Is information a “thing” for the purposes of a search warrant? According to Mero 2003 BCSC 964, a regular search warrant to search for things and seize them (in that case under CDSA s.11) would be sufficient authority for examining a scene and taking pictures, and you don't need a General Warrant. If so, then the section must also authorize collecting data from a computer system at a place.
A production order requires a person in the jurisdiction to produce documents or data in his or her possession or control. But a justice may only make orders against a person within the jurisdiction. In BC v. Brecknell, 2018 BCCA 5, the court found that a production order can compel a local person to produce data from outside the jurisdiction, and that person can be "virtually" here rather than physically. This meant that a Canadian justice could order Craigslist, a Californian company that does business in BC virtually, to produce data. Other judges disagree.
Stored text messages may be produced by a single production order without triggering an “interception”. In R. v. Jones, 2017 SCC 60, the police obtained a single production order for stored text messages. The defence complained that this was also “interception”. Because it did not produce the content of a conversation in anything close to real time, it was not an interception.
A judge in Newfoundland disagreed: In the Matter of an application to obtain a Production Order pursuant to section 487.014 of the Criminal Code of Canada, 2018, 2018 CanLII 2369 (NL PC)

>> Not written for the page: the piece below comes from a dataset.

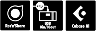 付属のCubase AIソフトウェアを使用してマルチトラック録音や編集を行えるほか、配信ソフトウェアに直接接続してライブ配信することも可能です。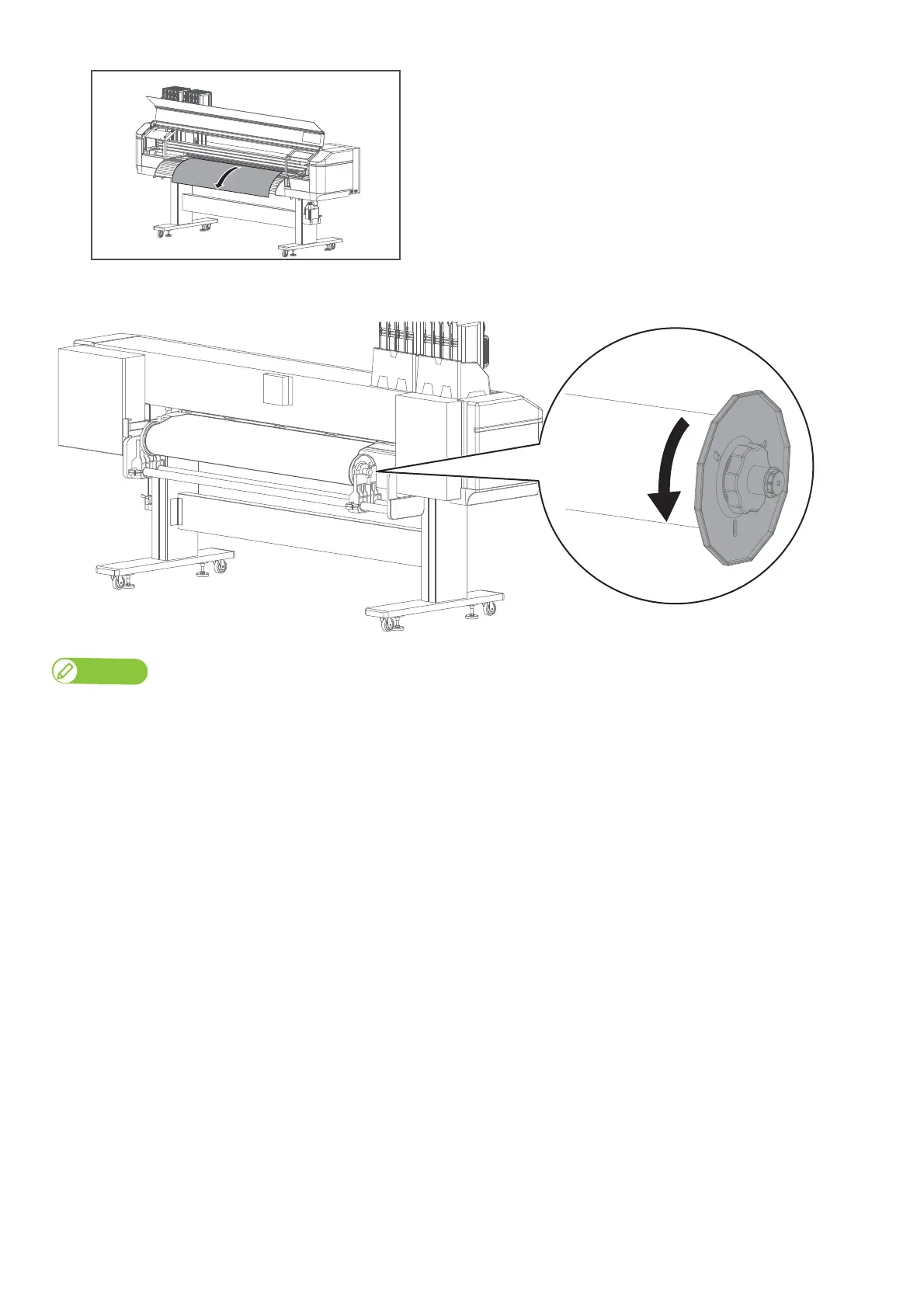 While one person holds the front edge of the media, the other person turns the flange to slightly rewind the media

It is permissible to obtain a warrant to search for evidence relating
to defences. CanOxy
Chemicals
Ltd v. Canada (A.G.) [1999] 1 SCR 743. (Chemical
spill. Investigators sought documents relating to due diligence –
which would be a defence to liability based upon negligence.)
Search warrants traditionally set a time frame during which police may
enter a residence to search, but do not specify how long
thereafter they may search. Searches of electronic devices
typically take a long time to work their way through the technician's
queue. Therefore, warrants should permit searches to start at a
specific time, but should avoid limiting the duration that the
technician can do the work.
Police obtained a search warrant for Mr Weir's
(2001 ABCA 81) (Alta CA) home because they believed his computer
contained images of child sexual abuse. They seized it at the house, did
not analyze it until later. Defence argued that s. 487 only permits
searching at the scene. Held: Later forensic analysis does not require
further authority. (This judgment also provides a good example of how
defence will attack an ITO.) See also Karim,
2012 ABQB 470 at paras 77-80; Ballendine,
2011 BCCA 221. Marek,
2016 ABQB 18;
Perhaps when drafting a warrant to search an electronic device already
in your possession, you should draft the order with language like this:
I order that themay, between and be seized and submitted to technicians who may thereafter search it for <evidence sought>.

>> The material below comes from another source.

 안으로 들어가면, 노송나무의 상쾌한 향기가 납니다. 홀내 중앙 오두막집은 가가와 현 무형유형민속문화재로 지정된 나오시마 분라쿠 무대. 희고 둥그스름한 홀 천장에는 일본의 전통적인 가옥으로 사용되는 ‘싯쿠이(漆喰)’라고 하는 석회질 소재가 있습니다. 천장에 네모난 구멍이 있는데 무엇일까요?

While executing a search warrant for evidence of a fraud, police found
child pornography in Mr Jones,
2011 ONCA 632 computer. Defence complained that the computer
analysis exceeded the time set out on the fact of the warrant to "enter"
his residence and "seize" the computer and data in it. The court
held:
"Date parameters are not particularly pertinent to that inquiry and their absence does not allow the police authorities to stray beyond the legitimate targets of the search."
Police arrested an associate of Mr Giles 2007 BCSC 1147 for trafficking large quantities of cocaine. They found a Blackberry wireless device on his person, and submitted to technicians for a search because they had reason to believe it contained information relevant to the offence. Defence complained that the police needed a warrant to search the device because it had not been searched at the time of arrest, and the police needed a wiretap authority to read the emails because they were intercepting private communication. Defence complained that there is a high expectation of privacy in a Blackberry or other computer device. The judge rejected all of these arguments. A search of a computer incidental to arrest may take weeks or months, but it is still incidental to arrest if it done reasonably promptly, for the purpose of finding evidence related to the offence for which the suspect was arrested.
In order to satisfy a judge that: |
you need an expert in |
Deleted data files can be undeleted
from a file system |
computer file systems |
People who download child
pornography tend to hoard it |
behavioural psychology |
An email actually emanated from the
suspect, and was not forged |
computer networking and email
systems |
In your information to obtain, you must recite not only the expert's opinion, but also the expertise.
In Morelli, 2010 SCC 8, the ITO recited only the expert's general opinion, but not the expert's qualifications. For that, and other reasons, the court threw out the warrant.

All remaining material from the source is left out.